Wednesday, July 13, 2011

Roundhouse Roundup: Retreat to Santa Fe

A version of this was published in The Santa Fe New Mexican
July 14, 2011



The Democratic Party might have a 3-to-1 voter registration edge over Republicans in Santa Fe, but the city in late September will play host for a “retreat” attended by major GOP contributors and potential big-money donors, organized by the Republican Governors Association.

At least one potential presidential candidate is scheduled to be at the private Sept. 21-23 gathering. Texas Gov. Rick Perry, who currently chairs the Republican Governors Association, will be there, according to a spokesman for Gov. Susana Martinez, as will several other GOP governors.

And yes, the host governor will attend, spokesman Scott Darnell said Wednesday.

Politico’s Mike Allen said in a column this week that the Santa Fe retreat is one of several held each year by the association’s Executive Roundtable.

“The roundtable — which requires members to contribute a minimum of $25,000 a year to the RGA — is part of an RGA effort to cultivate major individual donors, rather than the corporate donors upon whom the group traditionally relied,” Allen wrote.

Allen quotes “a source familiar with the RGA’s finances” who said that contributions from roundtable members accounted for almost half of the $22.1 million the RGA raised in the first half of this year.

Specifics of the events haven’t been publicized. And it doesn’t look like they will be.

Asked Wednesday where the retreat will take place, association spokesman Mike Schrimpf said “We usually don’t give out that information.” None of the events will be open to the public, he noted.

Schrimpf said such retreats typically feature policy sessions with GOP governors as well as dinners and other social events.

A roundtable retreat is scheduled in Aspen, Colo., for next week.
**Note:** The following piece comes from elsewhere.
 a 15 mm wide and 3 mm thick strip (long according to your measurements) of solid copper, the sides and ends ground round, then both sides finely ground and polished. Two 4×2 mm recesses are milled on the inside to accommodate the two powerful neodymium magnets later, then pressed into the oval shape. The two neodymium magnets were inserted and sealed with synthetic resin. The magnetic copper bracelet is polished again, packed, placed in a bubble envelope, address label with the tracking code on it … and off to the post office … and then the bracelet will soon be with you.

According to both Politico and a Washington Post blog, among the Republican governors attending that event will be Perry, Nikki Haley of South Carolina, Scott Walker of Wisconsin and Susana Martinez of New Mexico.

If Martinez does have national ambitions, as some pundits have speculated, getting well acquainted with the big-money bunch at these private schmooze sessions won’t hurt.
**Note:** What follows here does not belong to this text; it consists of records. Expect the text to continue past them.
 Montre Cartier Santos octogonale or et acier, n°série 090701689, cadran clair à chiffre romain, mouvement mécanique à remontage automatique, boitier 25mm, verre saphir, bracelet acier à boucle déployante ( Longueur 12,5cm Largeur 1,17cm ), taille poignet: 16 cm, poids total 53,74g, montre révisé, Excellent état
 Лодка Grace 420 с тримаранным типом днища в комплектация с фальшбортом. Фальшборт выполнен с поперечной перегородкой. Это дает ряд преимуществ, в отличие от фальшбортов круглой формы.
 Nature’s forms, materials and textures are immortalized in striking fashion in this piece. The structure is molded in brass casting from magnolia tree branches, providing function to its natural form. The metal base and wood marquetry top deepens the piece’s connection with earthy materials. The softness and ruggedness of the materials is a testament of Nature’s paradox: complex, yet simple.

Rite of first refusal: Republican presidential candidate Mitt Romney this week publicly refused to sign a controversial pledge by a group of social conservatives in Iowa. On Wednesday, his rival Tim Pawlenty followed suit and said he wouldn’t sign “The Marriage Vow — A Declaration of Dependence upon Marriage and Family” touted by the organization called Family Leader.

The pledge covers a variety of issues including gay marriage, abortion, marital fidelity, porn and Sharia law. Candidates Michele Bachmann and Rick Santorum quickly signed on.
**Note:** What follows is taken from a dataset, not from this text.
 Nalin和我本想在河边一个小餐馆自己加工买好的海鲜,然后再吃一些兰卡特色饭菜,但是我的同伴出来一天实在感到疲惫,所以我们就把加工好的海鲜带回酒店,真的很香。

The original version of the document included a statement that suggested that African-American children born into slavery were better off in terms of family life than black children born after Barack Obama became president. That statement has since been removed.

But while those two former governors were agonizing over whether to risk offending the religious right, former New Mexico Gov. Gary Johnson, a longshot 2012 contender, not only declined to put his John Hancock on the pledge, he ripped into it with glee.

“While the Family Leader pledge covers just about every other so-called virtue they can think of, the one that is conspicuously missing is tolerance,” Johnson wrote Saturday in his campaign blog. “In one concise document, they manage to condemn gays, single parents, single individuals, divorcees, Muslims, gays in the military, unmarried couples, women who choose to have abortions and everyone else who doesn’t fit in a Norman Rockwell painting. ...

"The Republican Party cannot afford to have a Presidential candidate who condones intolerance, bigotry and the denial of liberty to the citizens of this country," Johnson said, "If we nominate such a candidate, we will never capture the White House in 2012.”

“Well, first of all, who’s Gary Johnson?” Family Leader leader Bob Vander Plaats asked when Salon.com sought his response to Johnson’s statement.